Полная версия
Лотерея
– Рад тебя видеть Монти, – оба пожали друг другу руки и еще некоторое время молча, продолжали смотреть на картину.
– Это репродукция, – пояснил Пэт.
– Я так и сказал. Подделка, репродукция.
– Как ты узнал, неужели ты посмел думать, что я не мог бы себе позволить купить оригинал? – оценщик продолжал попеременно смотреть на своего друга и на картину.
– Я видел эту картину и знаю, каково было положение фигур в оригинале. А если бы и не знал, то наверняка догадался бы, потому что таким образом как показано здесь невозможно поставить мат. Конь стоит на b2, а значит игра еще не окончена, – Монти проговорил свои доводы с неким огорчением.
– Ты прав Монти, так и есть, хотя неточностей здесь гораздо больше, – со снисходительным взглядом поправил товарища Пэт.
– И зачем же ты хранишь ее?
– Мне ее подарил один человек, но он не художник. Он приходил сюда множество раз со своим сыном, а я рассказывал им разные истории о картинах и как-то, раз я спросил, которая из историй мальчику больше нравится. Я удивился, когда он рассказал мне о картине, которой не было в галерее. Из рассказа я понял, что картина описывает эпоху революций в самых ее началах. Тогда эта картина была еще мало известна и даже мне она была не знакома.

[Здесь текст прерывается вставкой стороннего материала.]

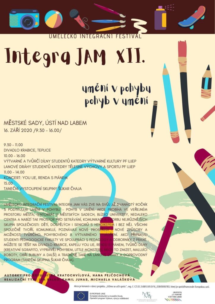 Ústí nad Labem – Studenti pedagogické fakulty Univerzity Jana Evangelisty Purkyně dali hlavy dohromady a po roce opět pořádají Integra Jam – umělecko integrační festival pro všechny generace. Proběhne už tuto středu – 16. září v Městských sadech v Ústí nad Labem. Dvanáctý ročník oblíbené akce nabídne tradičně program všem věkovým kategoriím – nudit se nikdo nebude.

Мальчик так и не рассказал, где он видел картину, и я попросил его отца изобразить ее как он может. Он сделал это и вот результат, – Пэт восторженно указал на висевший портрет. – Я был так поражен, а он только сказал мне, что сам бы он не сумел создать сюжет и вообще в основном больше любит копировать, а не рисовать. Позже я нашел подлинник, картина стала известной, а я до сих пор храню историю, которой не могу найти объяснение, – загадочная улыбка оценщика не покидала его до самого конца истории.
– Что ж, тогда ее стоит хранить. А что с тем полотном, которое я принес накануне? – Монти едва войдя, готовил этот вопрос.

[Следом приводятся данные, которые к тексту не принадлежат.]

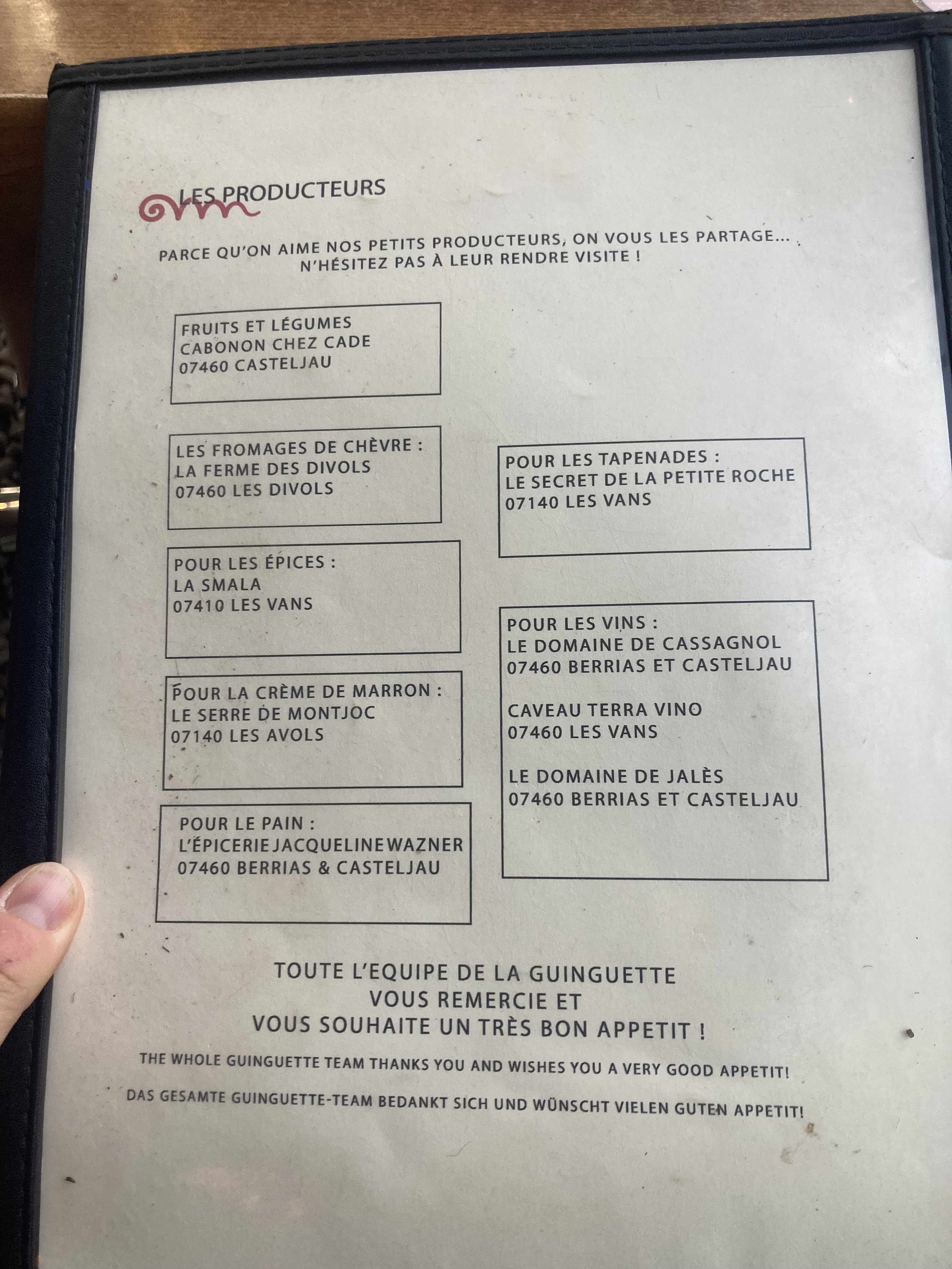 Personnel super sympathique, bonne cuisine ardéchienne et prix raisonnables. Même s'il pleuvait, le personnel nous a immédiatement aidés à nous amener, nous et nos aliments, dans un endroit sec. Tapas et Tartare d'exception ! La salade de fromage est un repas complet, je vous recommande de la partager avec une autre personne. Si jamais je reviens dans la région, je reviendrai certainement chez vous ! 10/10

– Ах, да картина прекрасна, у художника может быть прекрасное будущее. Одно только меня тревожит, то, что он сам видит их еще прекраснее. Видишь ли Монти, он решил что достиг пика дальше которого ничего нет. Еще страшнее то, что он может быть прав. Возможно, если он пересмотрит свои взгляды, у него будет больший простор для творчества. На данный же момент, он умеет изобразить все что пожелает, но не знает чего желать. Ему надо работать над сюжетами, а не над графикой.
– Пока я жив, я сам могу поработать над его сюжетами, – улыбаясь сказал режиссер.
– Ты ведь не художник Монти, – скептически заметил Пэт.
– Да не художник, но моя работа не так далека от этой профессии. И вот еще, да. Я пришел именно за этим. Хочу пригласить тебя на концерт.
– Знал что не придешь с пустыми руками, – довольно потирая руки, засветился Пэт.
– Я и не мог не позвать тебя. Этот концерт будет последним, – на лице режиссера появилась тоскливая улыбка, и он поспешил ее сбросить едва заметив.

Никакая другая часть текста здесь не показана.